R ⁸ represents 3-pyridyl which may be substituted. ]

Or a tautomer thereof, or a pharmacologically acceptable salt thereof.

7. Formula:

[Wherein, Y, R ⁶ and R ⁷ have the same meaning as in claim 6].

7. The pyrazole derivative according to claim 6, which is represented by the formula: or a tautomer thereof, or a pharmacologically acceptable salt thereof.

8. The pyrazole derivative or the tautomer thereof according to claim 7, wherein Z ¹ and Z ² are both hydrogen atoms, or a pharmacologically acceptable salt thereof.

9. The pyrazole derivative according to claim 6, or a tautomer thereof, or a pharmacologically acceptable salt thereof.

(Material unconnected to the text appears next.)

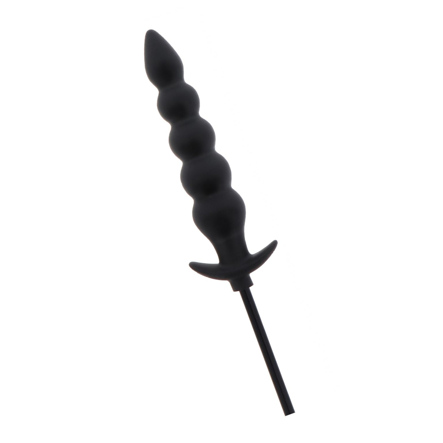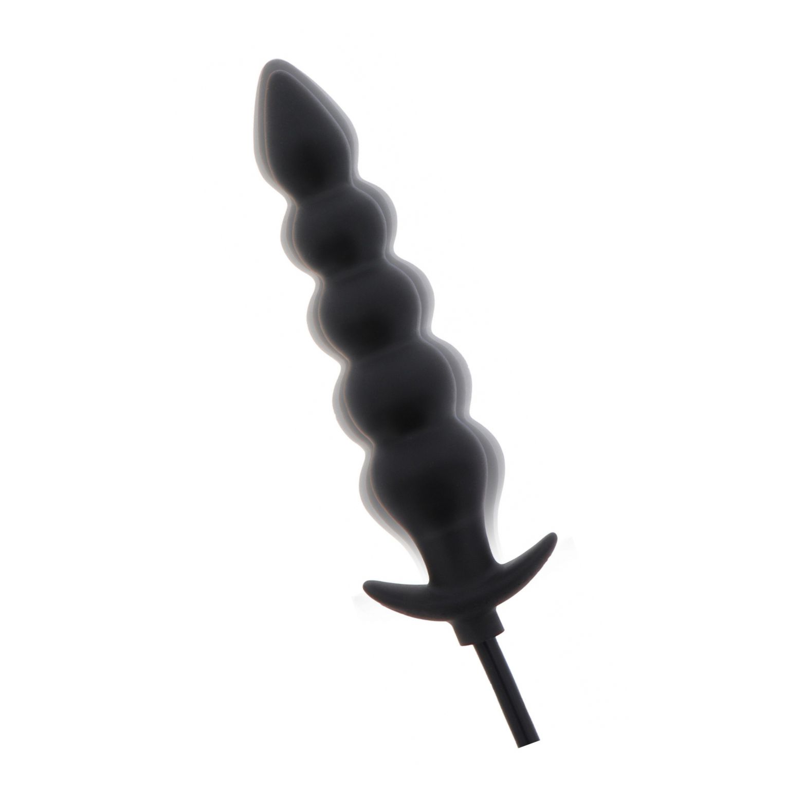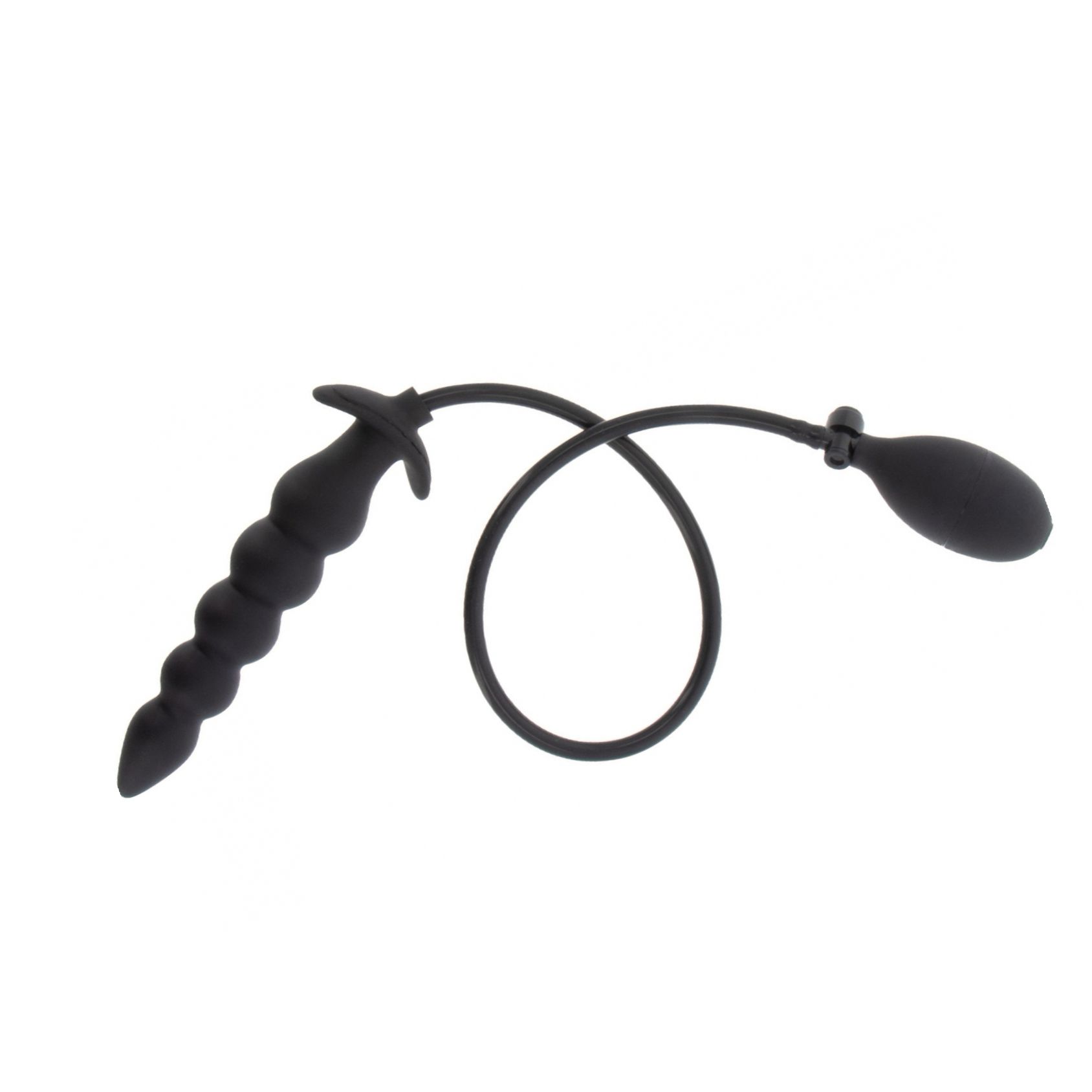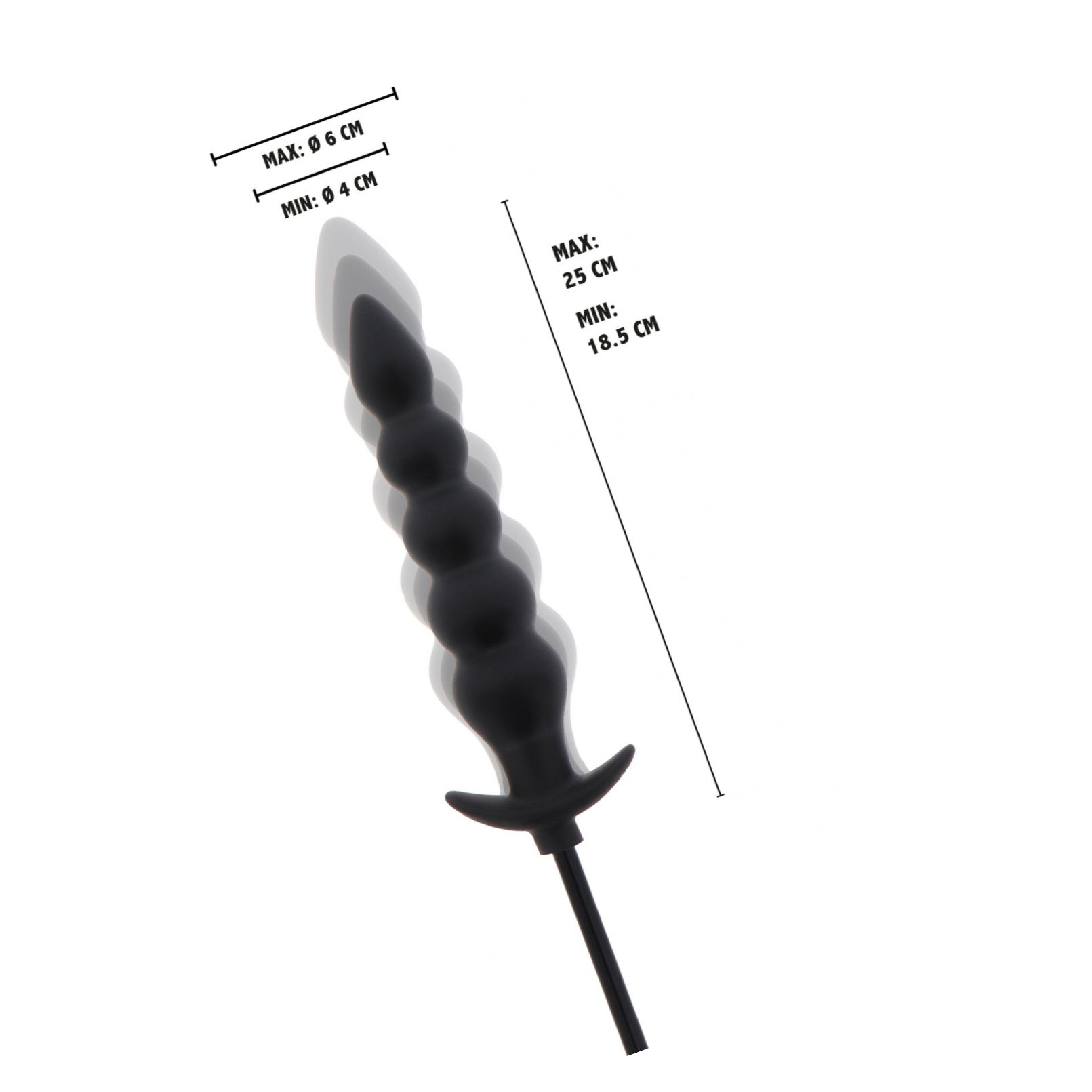 Plug anal gonflabil, din silicon 100% — striat, cu supapă grabnică de eliberare. Inserabil 18.5–23 cm, diametru 4–5.5 cm. Ajustează umflarea pentru senzaţie de plenitudine. Culoare: negru. Marcă: Hidden Desire.

■ 3- (3-pyridyl) -1-5- (4-chlorophenyl) -pyrazole

• 6-Chloro-3- (3-pyridyl) _4 / -indeno [1,2-c] birazol

• 7 _ 1,4-dihydro-3- (3-pyridyl) -12-naphtho [1,2-c] pyrazol

10. A medicament comprising the pyrazole derivative according to any one of claims 6 to 9, or a tautomer thereof, or a pharmacologically acceptable salt thereof.

1 1. An immunosuppressant comprising the pyrazolyl derivative according to claim 6 or a tautomer thereof, or a pharmacologically acceptable salt thereof.

12. The immunosuppressant according to any one of claims 1 to 5 or 11, which is an inhibitor of T cell proliferation induction.

1 3. The immunosuppressive agent according to any one of claims 1 to 5 or 11, which is a therapeutic agent for an autoimmune disease.

1 4. The immunosuppressant according to any one of claims 1 to 5 or 11, which is a therapeutic agent for rheumatoid arthritis.

1 5. The immunosuppressant according to any one of claims 1 to 5 or 11, which is a therapeutic agent for multiple sclerosis.

1 6. The immunosuppressive agent according to any one of claims 1 to 5 or 11, which is a therapeutic agent for ulcerative colitis.